*** Opening Listed records ***
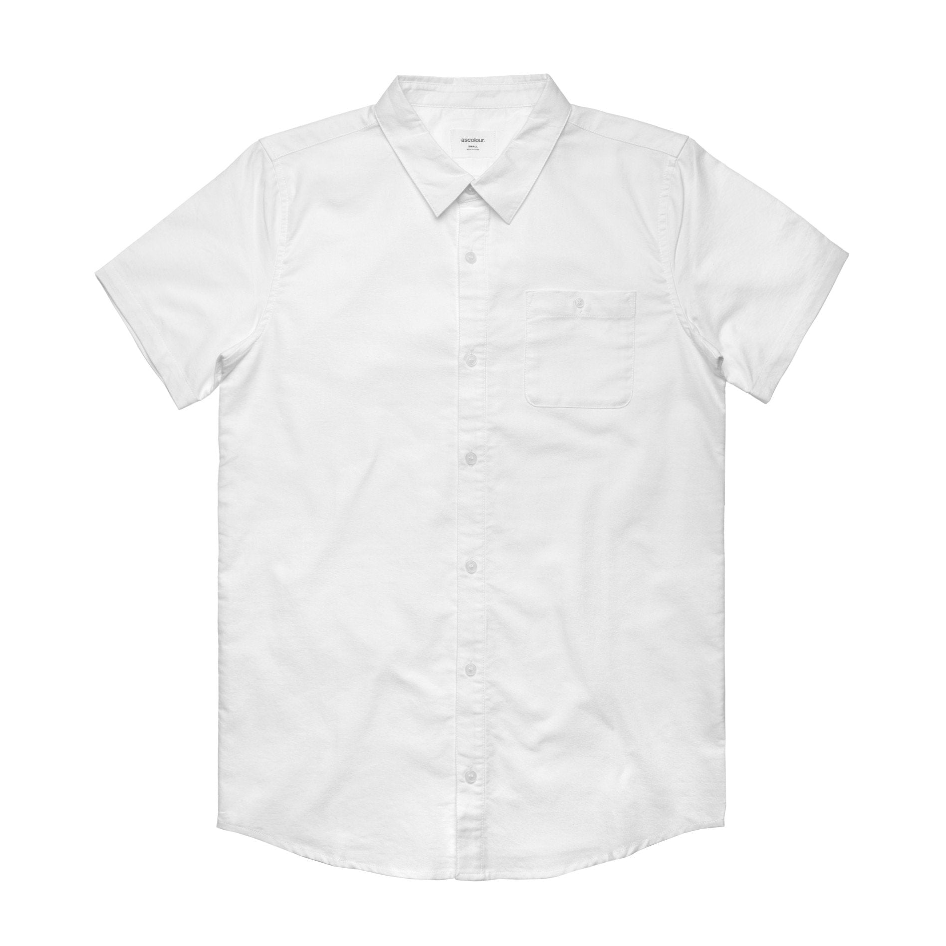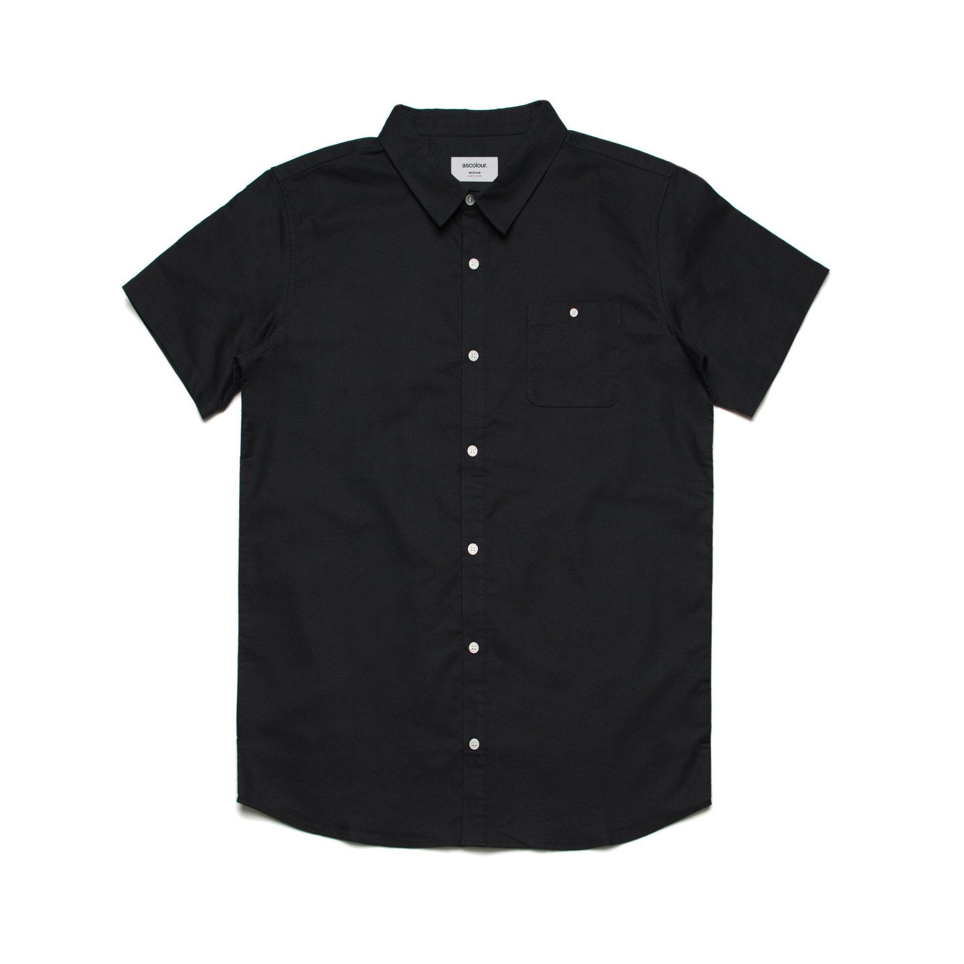 Short sleeve button up shirt, button close chest pocket, clear buttons
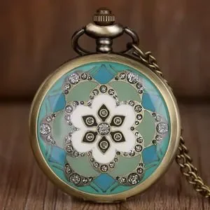 Gorgeous pocket watch features a stunning geometric floral design. Enamel and crystal inlay which has been coated with clear resin for a silky smooth finish. This is a beautiful, statement piece... the photos don't do it justice! Solid metal construction in an antique bronze finish.
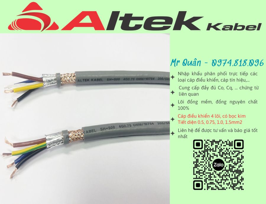 Altek Kabel:Cáp điều khiển 4x1.5 chống nhiễu 2 lớp
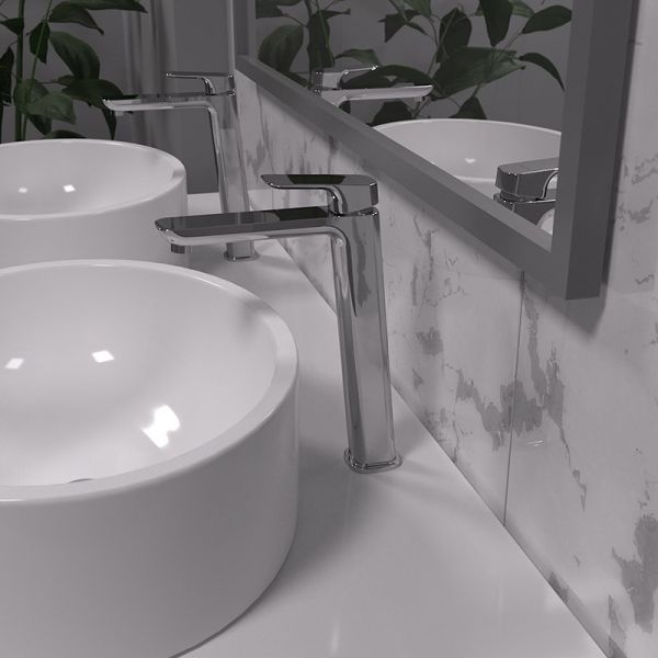 Авторская коллекция итальянского дизайнера Mirko Bosio - Nove. Смеситель коллекции Nove выполнен в акцентной геометрической форме, что можно отнести как к нестандартному конструктивному решению, так и к элементу шика. Широкая ручка рычага элегантно сочетается с квадратным корпусом. Дизайн однорычажного высокого смесителя поддержит скандинавский стиль оформления ванной комнаты или любое иное, выбранное вами, направление минимализма. Благодаря высокому корпусу смеситель Nove идеально сочетается с накладными глубокими раковинами-чашами различного размера, а так же подойдет для использования на широких встроенных и подвесных раковинах.
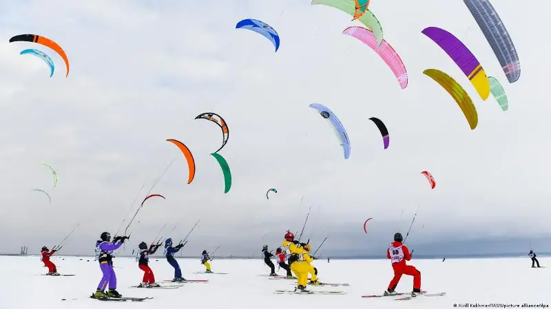 Skiing with a sail - Here in Novosibirsk, Russia, conditions are perfect for snowkiting — also known as kite skiing. The cold winters offer huge frozen areas and the wind blows strong. With the stunt kite once can reach very fast speeds of above 110 kilometers per hour.
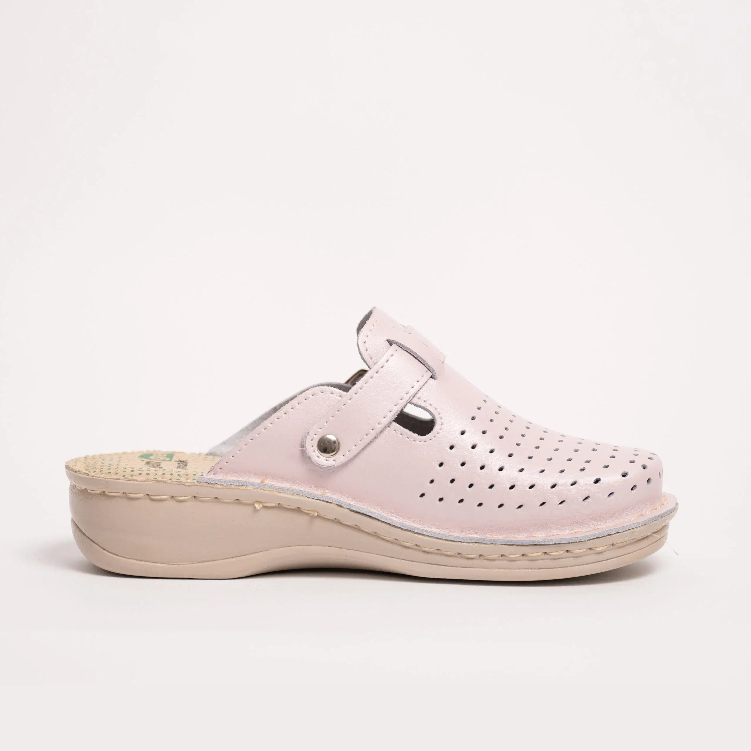Damesklompen gemaakt van het fijnste natuurlijke leer en een leren binnenzool met 8 mm massagegel, ideaal voor mensen met hielspoorproblemen.
*** Closing Listed records ***
• Exercise instructions
With the pictures left out, output exactly the lines that begin at the line containing "Skiing with a" and end at the last line of the material.

• Solution to the problem
 Skiing with a sail - Here in Novosibirsk, Russia, conditions are perfect for snowkiting — also known as kite skiing. The cold winters offer huge frozen areas and the wind blows strong. With the stunt kite once can reach very fast speeds of above 110 kilometers per hour.
Damesklompen gemaakt van het fijnste natuurlijke leer en een leren binnenzool met 8 mm massagegel, ideaal voor mensen met hielspoorproblemen.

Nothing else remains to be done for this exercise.